Вот вам акварелька: тихое июльское утро, волжский залив, посреди которого, на урезе водной травы, примостилась рыбацкая лодочка. И появившаяся из-за поворота моторная лодка резко сбрасывает скорость, чтобы не нарушать тишины и не мешать рыбаку. Настоящие лодочники раньше, так уж было принято, переходили на весельный плыв при входе в заливчики или протоки. Врожденный волжский интеллект срабатывал, воспитанием и самой рекой дарованный. Они еще есть, еще живы – жаль только, что редки стали уж очень. И лодки. И люди.

Дядя Гриша

Весна, ледоломная и говорливая зеленоостровская весна пленила меня безвозвратно. Ход вешней воды, несущей новую жизнь, открывающей праздник нереста, стал для меня навсегда желанен и радостен.

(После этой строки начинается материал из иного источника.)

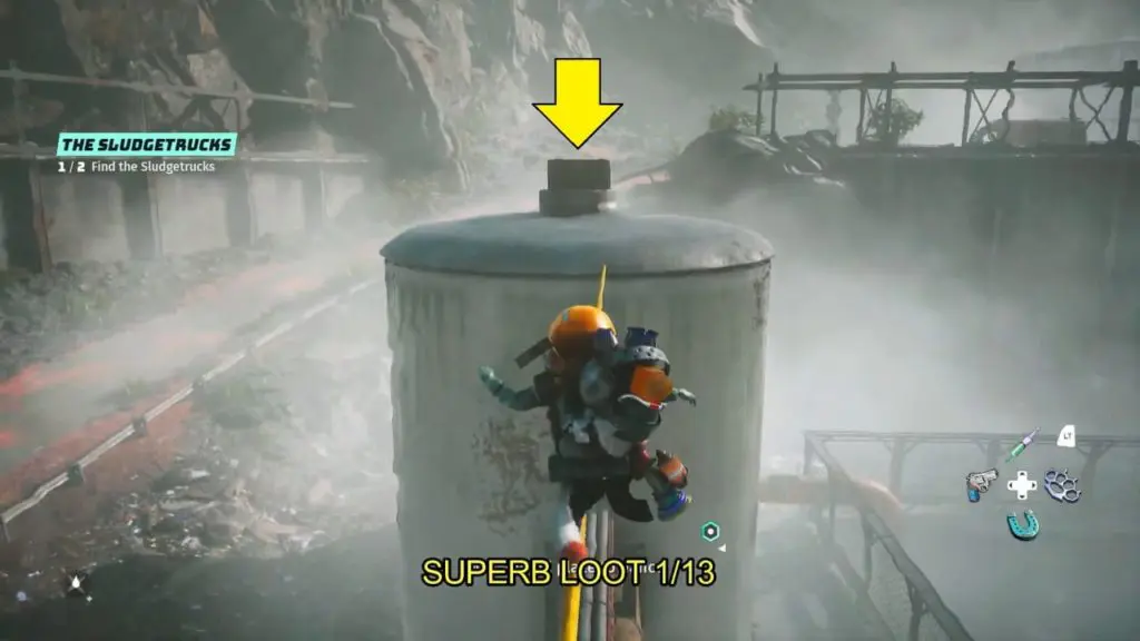 Superb loots #13: It is on the third floor of the blue color building. There is no direct way to reach the third floor. Go to the location where you find the Bioblob container as there is an opening on the roof. Use the fungi ability to reach the third floor. Superb loot is inside a room.
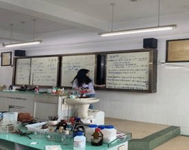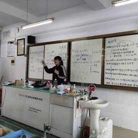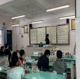 温红娟、王亚超、安芳宁、尹邓雨四位同学对四个班级进行了实验教学,其余四位同学辅助教学,看管员工进行皂化反应与酯化反应的实验,在这个过程中解决员工遇到的问题,帮助员工补充添加药品。

Всего пару недель как загорелся по закраинам островных протоков верболоз, еще только-только затеплились робкие свечки вербы, еще зеленоватая на изломе льдина упрямо не признает своего полдневного краха, еще лыжня пробегает, прерываясь местами, по ледяному потемневшему полю, и следы рыболовной тропинки еще сохранились в самых глухих уголках маленького заливчика, а уже на фарватере свиваются жгуты вешней быри, оживает русло. Могучее время, громкое, шумное. Но и самое мелодично-тихое в году. Прислушаешься: где-то высоко в синем небе, по которому плывут льдины первых, почти уже летних облаков, слышны пробные переливы жаворонка. Скоро-скоро, через считаные дни, поставят бакены. Скоро дебаркадеры – домики на воде – проснутся после зимней спячки, что водные лешие, и глядишь – их уже примутся буксировать трудяги-утюжки на летние стоянки.

Всю долгую зиму были сжаты дебаркадеры скрипучими льдами, а теперь отдышались, свободно вздохнули. Отудобели. Так и раздаются средь реки довольные их выдохи: «Ух, осилили зиму! Эх, дожили до весны!»

Идет такой домик по реке, а из трубы дымок, и шкипер сидит на лавочке в ватнушке, из-под которой видна синяя полоска тельняшечки, и собака при нем. Какой-нибудь Титан. Целый мир, целая жизнь.

С таким вот весенним, радостным волнением вспоминается мне дядя Гриша – главный, пожалуй, самый уважаемый лодочник Зеленого острова. Лодочник редчайший из редчайших!

Перевоз ведь всегда имел для островитян особое значение, даже в ту пору, когда омы и баржи ходили исправно. На барже ведь что – на барже только до дебаркадера доберешься. А огороды, к примеру, у многих притуливались к самым дальним уголкам острова, куда без лодки – никак.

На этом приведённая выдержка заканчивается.